“La amenaza es el arma del amenazado”
-Leonardo da Vinci-
No amenaces con quererme, dijo. Me reí, o mejor dicho sonreí con fuerza, casi con ferocidad, con la amplitud de un mueble empotrado en el salón. Mi respiración, a juego, podía confundirse con una carcajada. Ella era una cría apenas. Yo no mucho mayor entonces. También sonreía, pero de otra forma, afilada y brillante como un cuchillo, si entiendes lo que quiero decir. Así tienen que sonreír las hadas, pensé. Por eso en mi imaginación las hadas eran guerreras letales, proyectiles de rabia y de luz y sarcasmo. Porque ella siguió hablando: “No es una guerra que puedas ganar”.
No amenaces con quererme, pensé. Cerré los ojos y me dejé llevar por el orgasmo, tensando tanto el cuerpo que sus manos podrían haber tocado en mí un solo de guitarra. Habíamos jugado a un juego peligroso, como son todos los juegos que merecen la pena, y me estaba cobrando el premio. O el castigo, en ese momento me daba igual. En mi mente una espiral comenzó a girar cada vez más rápido y yo no tenía otro objetivo que llegar al centro y estallar. Por un instante, me resultó casi insultante tener que compartir la explosión con su boca, pequeña artista invitada. Y entonces, fundido a negro, como en mis sueños.

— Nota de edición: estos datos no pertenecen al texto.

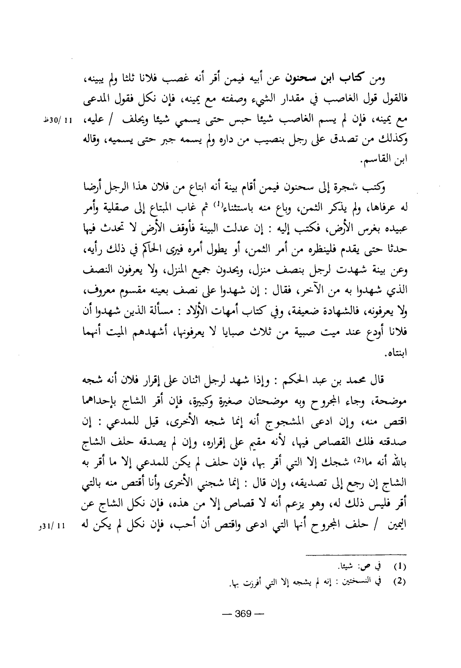 وكتب شجرة إلى سحنون فيمن أقام بينة أنه ابتاع من فلان هذا الرجل أرضا له عرفاها، ولم يذكر الثمن، وباع منه باستثناء ثم غاب المبتاع إلى صقلية وأمر عبيده بغرس الأرض، فكتب إليه: إن عدلت البينة فأوقف الأرض لا تحدث فيها حدثا حتى يقدم فلينظره من أمر الثمن، أو يطول أمره فيرى الحاكم في ذلك رأيه، وعن بينة شهدت لرجل بنصف منزل، ويحدون جميع المنزل، ولا يعرفون النصف الذي شهدوا به من الآخر، فقال: إن شهدوا على نصف بعينه مقسوم معروف، ولا يعرفونه، فالشهادة ضعيفة، وفي كتاب أمهات الأولاد: مسألة الذين شهدوا أن فلانا أودع عند ميت صبية من ثلاث صبايا لا يعرفونها، أشهدهم الميت أنهما ابنتاه.

No amenaces con quererme. Lo suelto así, como un jugador de póquer su mejor falsa cara de duda ante una mano imbatible, su mejor cara de cebo para la codicia ante el resto de apostadores. Aunque es verdad que nunca he jugado así al póquer, lo he visto en películas. Tampoco he tenido conversaciones como esta, este estar sentados en un bar y que el ingenio sea, por ahora, más importante que los besos. Así que escarbo mi memoria en frases y fintas como esta, que creo que he robado de algún tweet o un estado de Facebook de alguien que tenía tiempo de sobra para desperdiciarlo haciendo favores a absolutos desconocidos. No pierdo de vista su sonrisa, el brillo de sus ojos. No sé si habrá besos, pero al menos te regalaré un buen arsenal, preciosa.
No amenaces con quererme. Amartilló el arma y acarició el gatillo hasta que la frase hizo diana en mi cabeza. Luego todo dejó de tener olor, sabor, textura, consistencia. Mi cuerpo se volvió huero, perdió la capacidad de sentir, daba igual. No había alegría ni risa ni felicidad, tampoco lágrimas. Cuando me miraba en el espejo, me recordaba a esas siluetas pintadas con tiza en la escena del crimen, que siguen días después recordando a quien tenga las agallas suficientes para pasearse por un sitio donde la muerte aún habita, que allí una vez hubo alguien. Las palabras son más mortales que una bala del calibre 38, si aprieta el gatillo la persona adecuada. Y ahí sigue el revólver, listo para volver a disparar, si de pronto renazco.
No amenaces con quererme, suplico. Nunca he sabido ser sutil, soy más bien la clase de monstruo que abre tu carne con sus garras para poder devorarte las tripas mientras te quedas quieta esperando la caricia. No estoy acostumbrado a dulzura y palabras tiernas, no me entiendas mal, tal vez podría relamerme si acabo cogiéndolas el gusto, quien sabe. Pero te aviso, ante una amenaza, ataco, y después, ya no quedan ni siquiera restos que poder volver a recomponer. Mi súplica atraviesa la distancia entre tus dedos y los míos, he sentido la descarga. Ahora que las cartas están boca arriba, me he vuelto casi humano.
No amenaces con quererme. Hazlo. Sangra. O no sangres. Da igual en el fondo, estoy harta de palabras y amagos y lágrimas. El amor no es una amenaza. Pero se me ocurre que querer no es lo mismo que amar. Amar no es desear, no es ansiar, no lleva a poseer. Amar es darse. Da igual. Sigo hablando. Has puesto los ojos como platos. Tu revólver tiembla en los labios. Dejas de apuntarme. Yo estoy cansada, demasiado cansada de frases hechas. Cada cual vive esto como desea. Me parece estupendo. En un duelo se supone que tienes derecho a elegir tus armas. Perfecto. Busca más solas palabras. Lo que quieras. Yo me voy a pedir otra cerveza.